Подмечает автор вместе с остальным народом и то, что у немцев получается, а что нет. Вот уж действительно, что русскому хорошо, то немцу смерть. «Нехитрая вещь – валенок, но немцы не смогли его „освоить“. У некоторых пленных на ногах—„эрзац-валенки“ весом в 3–4 кг на деревянной подошве, на гвоздях, с ремнями. Наш валенок весит полкило, одевается в полсекунды, мягок, тепел, дешев».
В связи с этим мы хотим вспомнить 17 июля 1944 года, когда колонны пленных солдат прошли под конвоем по улицам Москвы.
Тамара Рудковская в этот день собиралась в институт и наткнулась на оцепление вдоль Садового кольца. Стояли солдаты неплотно, через несколько метров друг от друга, с винтовками. Людей вдоль оцепления было немного: рабочий день. Стояли плотностью в несколько человек, но повсюду – насколько хватало глаз. Тамаре показалась вся эта картина страшной.
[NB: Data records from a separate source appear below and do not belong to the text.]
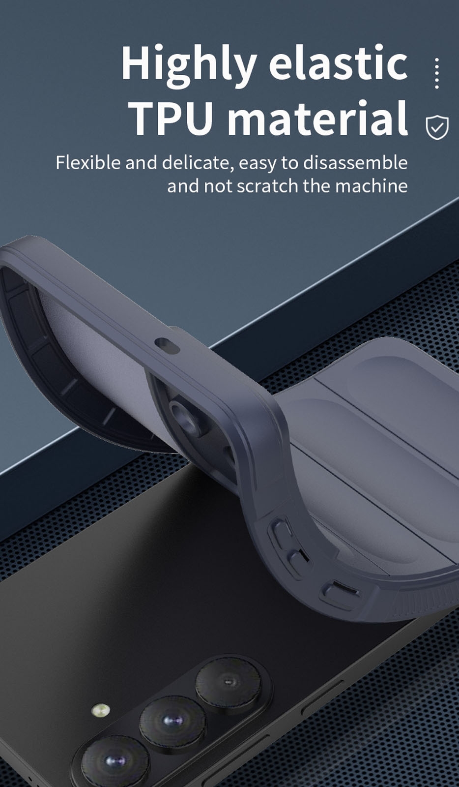 Magnetic Phone Case with 360° Rotating Stand for S26, Dark Blue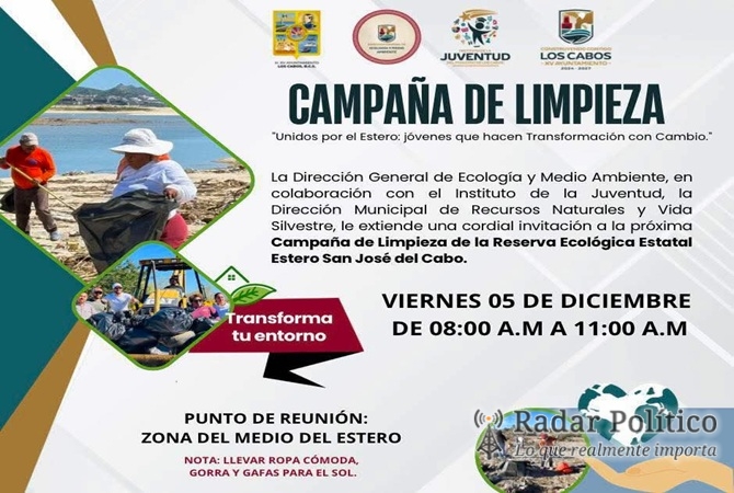 Los Cabos, Baja California Sur.– En seguimiento al compromiso de proteger y fortalecer la Reserva Ecológica Estatal Estero San José del Cabo, el XV Ayuntamiento de Los Cabos, a través de la Dirección General de Ecología y Medio Ambiente, realizará una nueva jornada de limpieza este viernes 05 de diciembre.
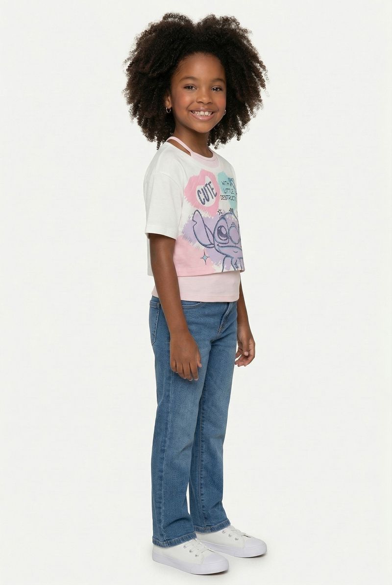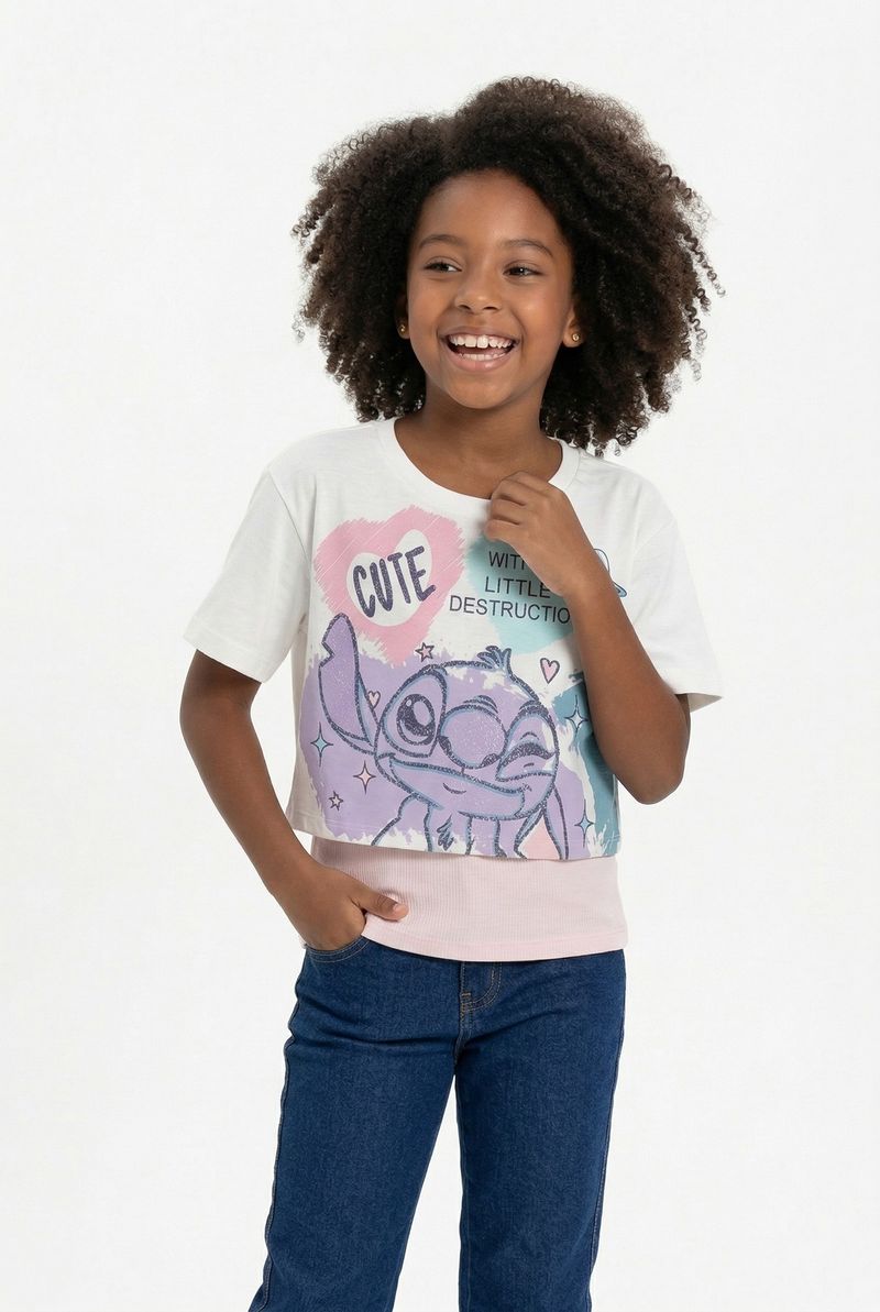 Descubra a Blusa Cropped Infantojuvenil Stitch Caedu, perfeita para as pequenas fashionistas. Confeccionada em meia malha, oferece conforto e um toque divertido com a estampa 'Cute' do Stitch e detalhes canelados em rosa. Ideal para um visual cheio de personalidade e alegria, esta peça é um destaque na moda infantil.

Было ли у нее чувство ненависти? Нет. Но она уверяет, что ее губы все-таки шептали: «Гады и сволочи! Кто вас звал? Сами себя до чего довели… Зачем вы к нам пришли?»
Ночь накануне эти колонны плененных под Сталинградом немцев провели на ипподроме. С той стороны, от зоопарка, их и выводили на Садовое кольцо в сторону Москвы-реки. Тамара оказалась в числе первых, кто видел выходившие в свой скорбный путь колонны. Впереди шел генерал. Он шел совершенно один, впереди всех, строгий, прямой, подтянутый, в очках, с каменным лицом. И никого вокруг не видел. Шел с большим достоинством, как будто вел не тех огородных чучел, в которые были наряжены его солдаты, а настоящее войско. За ним по несколько человек в ряд шли офицеры. Как показалось Тамаре (и не только ей), они с большим любопытством (именно с любопытством) оглядывали все вокруг, город, людей. Дальше шли солдаты. Это было просто ужасно. Худые, оборванные, наряженные в то, что они отнимали у русских, погибая от холода, хотя и было лето: клетчатые бабьи платки, телогрейки, огромные эрзац-валенки. Тамара видела их впервые, хотя и читала о таких. Очень высокие, сплетенные из соломы, с огромными ступнями, просто чудовищно огромные. Их надевали поверх своих сапог. Шли они в таких эрзацах, как паралитики. Даже не шли, а еле ползли. Многие были замотаны какими-то тряпками. И вот такое войско вел человек с каменным лицом. Народ вокруг молчал. Более того – стояла звенящая тишина. Никаких выкриков. Было такое ощущение, что и зрители оцепенели от ужаса. Мимо них шли несчастные люди – тоскливые, безразличные ко всему, отрешенные. Несчастные солдаты, которые расплачиваются зато, что заставили их делать фашисты. И вдруг один из них очнулся. Рядом с Тамарой стояла женщина с маленькой девочкой на руках. Этот немец увидел ребенка, который остро напомнил ему собственную дочь. Он вырвался из ряда, бросился к ней и закричал: «Эльза! Эльза!» Он протягивал к ней руки и плакал… Девочка тоже испугалась и заплакала, женщина тоже и сильнее прижала дочку к себе. Немца оттолкнула охрана, но он долго еще оборачивался и плакал, и протягивал руки…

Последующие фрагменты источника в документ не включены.